First of all, let's look at the Standards for Mathematical Practice in the Common Core Standards for Mathematics...  There are 8 overall standards:
  1. Make sense of problems and persevere in solving them
  2. Reason abstractly and quantitatively
  3. Construct viable arguments and critique the reasoning of others
  4. Model with mathematics
  5. Use appropriate tools strategically
  6. Attend to precision
  7. Look for and make use of structure
  8. Look for and express regularity in repeated reasoning

These standards are what administrators/teachers WANT children to do.  This, I suppose, is the GOAL of the education.  So, let's look at the specific goals for Kindergarten math...
In Kindergarten, instructional time should focus on two critical areas: (1) representing, relating and operating on whole numbers, initially with sets of objects; (2) describing shapes and space.  More learning time in Kindergarten should be devoted to number than to other topics.
 Ok, fine.  So they want kids to know what numbers are, what written numbers look like, how to relate small numbers (0-10) to objects to written numbers (the number "5" to 5 eggs, etc.), and they want kids to get a handle on general geometric shapes (triangles, squares, etc.) and relate them to real-life objects.  Sounds fine.  The rest of the standards are separated into sections:
  • Counting and cardinality
    • Know number names and the count sequence (up to 100)
    • Count to tell the number of objects
    • Compare numbers
  • Operations and algebraic thinking
    • Understand addition as putting together and adding to, and understand subtraction as taking apart and taking from
  • Number and operations in base ten
    • Work with numbers 11-19 to gain foundations for place value
  • Measurement and data
    • Describe and compare measurable attributes
    • Classify objects and count the number of objects in each category
  • Geometry
    • Identify and describe shapes (squares, circles, triangles, rectangles, hexagons, cubes, cones, cylinders, and spheres)
    • Analyze, compare, create and compose shapes
 There are grade-level overviews for every grade, K-5.  I have read through K-3 in detail, and they're all pretty much the same, building on what the children should have learned the previous year.  I think the separate sections of the standards (counting, operations, etc.) are pretty straightforward and reasonable.  Sure, Kindergartners should be learning place value in the teens.  Yes they should be identifying geometrical shapes and drawing triangles and squares.  What I don't clearly understand is how the specifics relate to the 8 overall standards mentioned above. 

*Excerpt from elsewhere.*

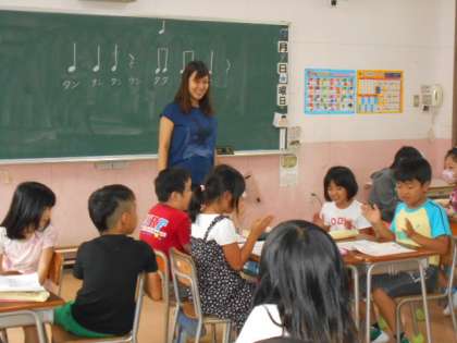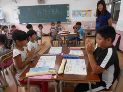 リズムを作って、作ったリズムを手でたたく、という授業でした。作ったリズムをグループで手をたたいて、音楽を作ります。子どもたちは、リズムよくいろんな音を作ってたたくことができました。「タン、タ、タン」「タン・・・タン、タン」どんなリズムもすんなりとできるようになって感心しました。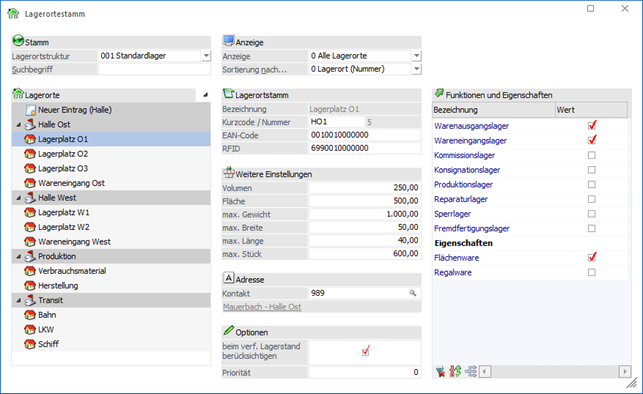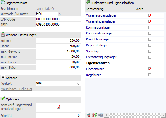 Nach Auswahl eines Lagerortes stehen im rechten Bereich des Fensters die Einstellungen des Ortes zur Verfügung.

Let's take the first standard as an example.  "Make sense of problems and persevere in solving them."  The text goes on to say
Mathematically proficient students start by explaining to themselves the meaning of a problem and looking for entry points to its solution.  They analyze givens, constraints, relationships, and goals.  They make conjectures about the form and meaning of the solution and plan a solution pathway rather than simply jumping into a solution attempt.
 So, is the goal to teach this kind of thing to younger children, in elementary school?  I definitely don't remember analyzing math problems in such a way until high school.  Further...
They consider analogous problems, and try special cases and simpler forms of the original problem in order to gain insight into its solution.  They monitor and evaluate their progress and change course if necessary.  Older students might, depending on the context of the problem, transform algebraic expressions or change the viewing window on their graphing calculator to get the information they need.  
I can't think of anyone that I know who approaches math this way.  Definitely not in high school or earlier.  Sure, monitoring your progress and changing course if necessary is a hugely helpful skill, but most people I knew in my calculus classes in college didn't have it.  As a goal, it is lofty.
Mathematically proficient students can explain correspondences between equations, verbal descriptions, tables, and graphs or draw diagrams of important features and relationships, graph data, and search for regularity or trends.  Younger students might rely on using concrete objects or pictures to help conceptualize and solve a problem.  Mathematically proficient students check their answers to problems using a different method, and they continually ask themselves, "Does this make sense?"  They can understand the approaches of others to solving complex problems and identify correspondences between different approaches.
I don't know if, especially in more complex math, students do check their answers using a different method.   Again, all of these points are lofty goals.  The major problem with these standards as they are written is that they really don't offer any advice in reaching these goals.  They lay out the goals, and then say some things children should be learning in specific grades that are really basic, such as Kindergartners should be counting to 100. 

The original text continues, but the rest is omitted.